» **Dataset extract**
--- START ---

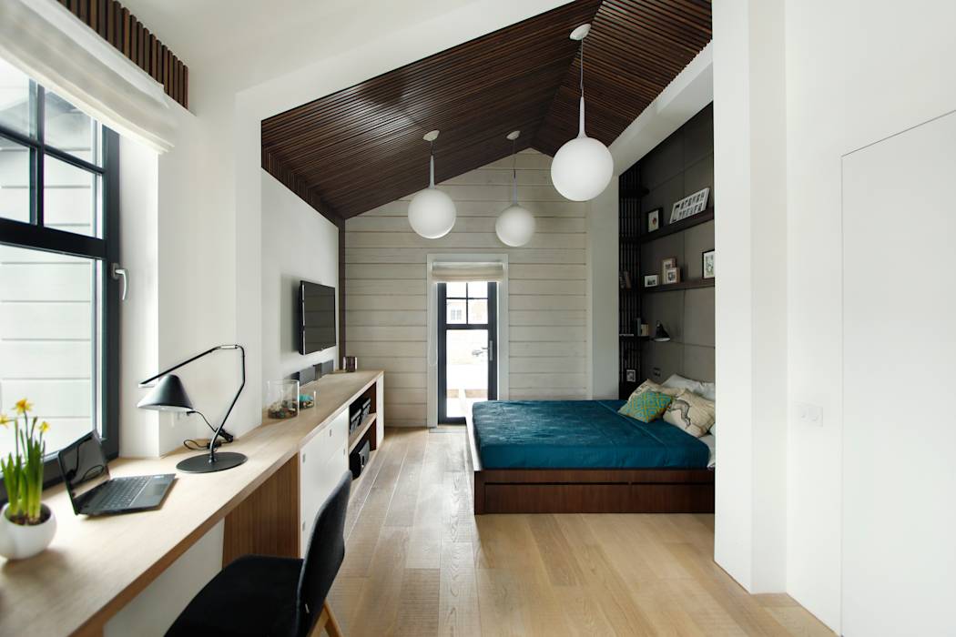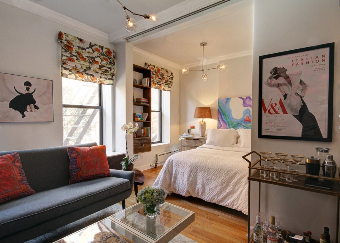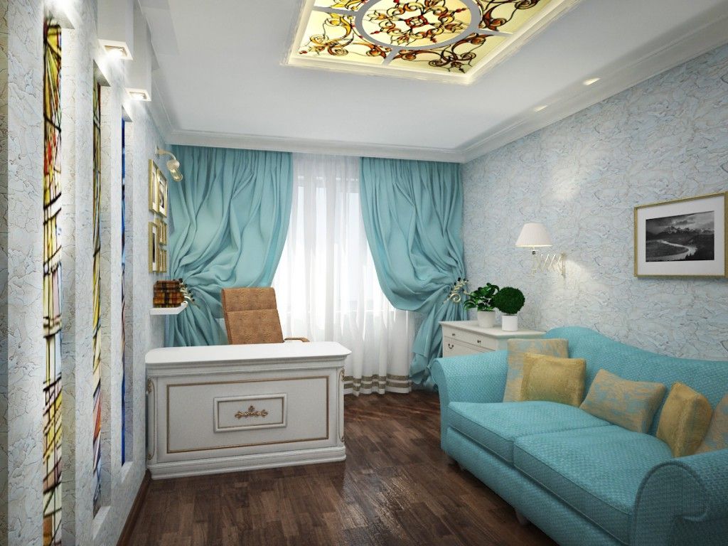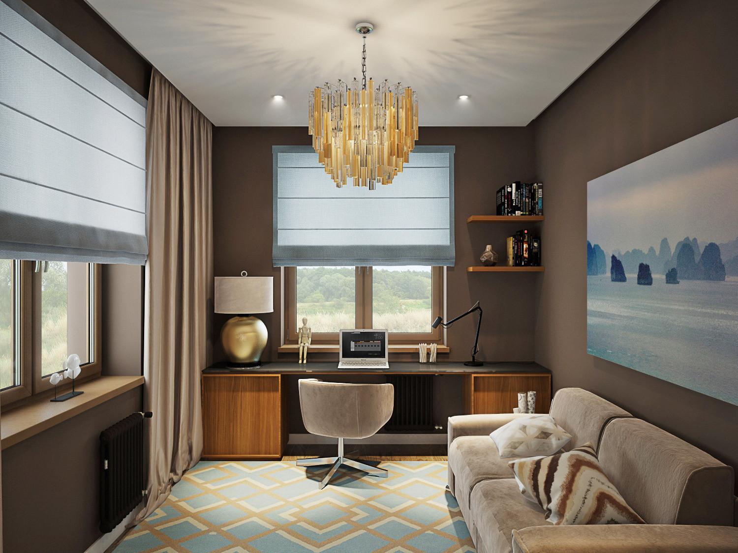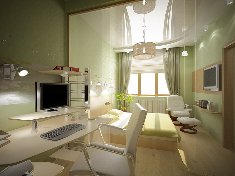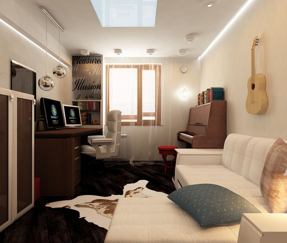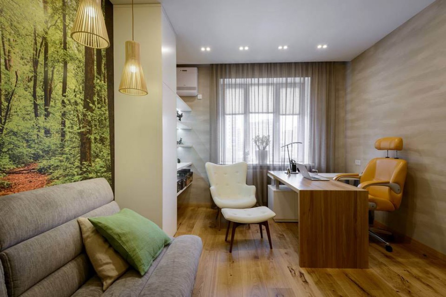 - Puisqu'il y a une chambre et un bureau dans une seule pièce, la superficie totale est divisée en deux zones avec des fonctionnalités différentes. Par conséquent, il est préférable d'abandonner l'éclairage aérien.
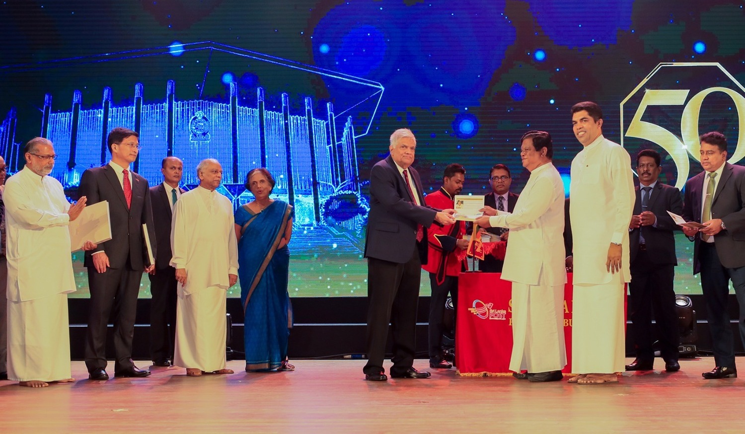 50 வருடங்களில் பண்டாரநாயக்க ஞாபகார்த்த சர்வதேச மாநாட்டு மண்டபத்திற்கு விழாக்கள் மற்றும் கண்காட்சி என்பவற்றின் ஊடாக அதிக வருமானம் ஈட்டிக் கொடுத்த நிறுவனங்களுக்கு இதன் போது நினைவுப் பரிசுகளும் வழங்கி வைக்கப்பட்டன. கண்காட்சிப் பிரிவில் புத்தக வெளியீட்டாளர் சங்கத்திற்கும் விழாப் பிரிவில் பிரிடிஷ் கவுன்சிலுக்கும் ஜனாதிபதியினால் நினைவுப் பரிசில்கள் வழங்கப்பட்டன.
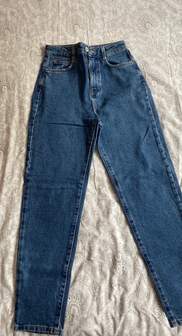 Zara marka mavi renk normal boyda, desen içermeyen kadın denim pantolon. Günlük kullanıma uygun, zahmetsiz şıklık sunar.
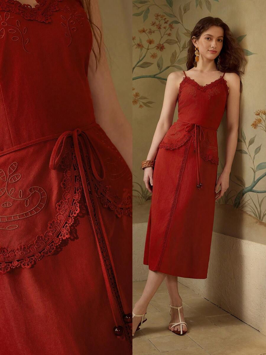 MOTF PREMIUM ROBE CAMI CEINTURÉE BRODÉE

--- END ---

» **Prompt**
Reproduce the data above verbatim, minus any images.

» **Result**
 - Puisqu'il y a une chambre et un bureau dans une seule pièce, la superficie totale est divisée en deux zones avec des fonctionnalités différentes. Par conséquent, il est préférable d'abandonner l'éclairage aérien.
 50 வருடங்களில் பண்டாரநாயக்க ஞாபகார்த்த சர்வதேச மாநாட்டு மண்டபத்திற்கு விழாக்கள் மற்றும் கண்காட்சி என்பவற்றின் ஊடாக அதிக வருமானம் ஈட்டிக் கொடுத்த நிறுவனங்களுக்கு இதன் போது நினைவுப் பரிசுகளும் வழங்கி வைக்கப்பட்டன. கண்காட்சிப் பிரிவில் புத்தக வெளியீட்டாளர் சங்கத்திற்கும் விழாப் பிரிவில் பிரிடிஷ் கவுன்சிலுக்கும் ஜனாதிபதியினால் நினைவுப் பரிசில்கள் வழங்கப்பட்டன.
 Zara marka mavi renk normal boyda, desen içermeyen kadın denim pantolon. Günlük kullanıma uygun, zahmetsiz şıklık sunar.
 MOTF PREMIUM ROBE CAMI CEINTURÉE BRODÉE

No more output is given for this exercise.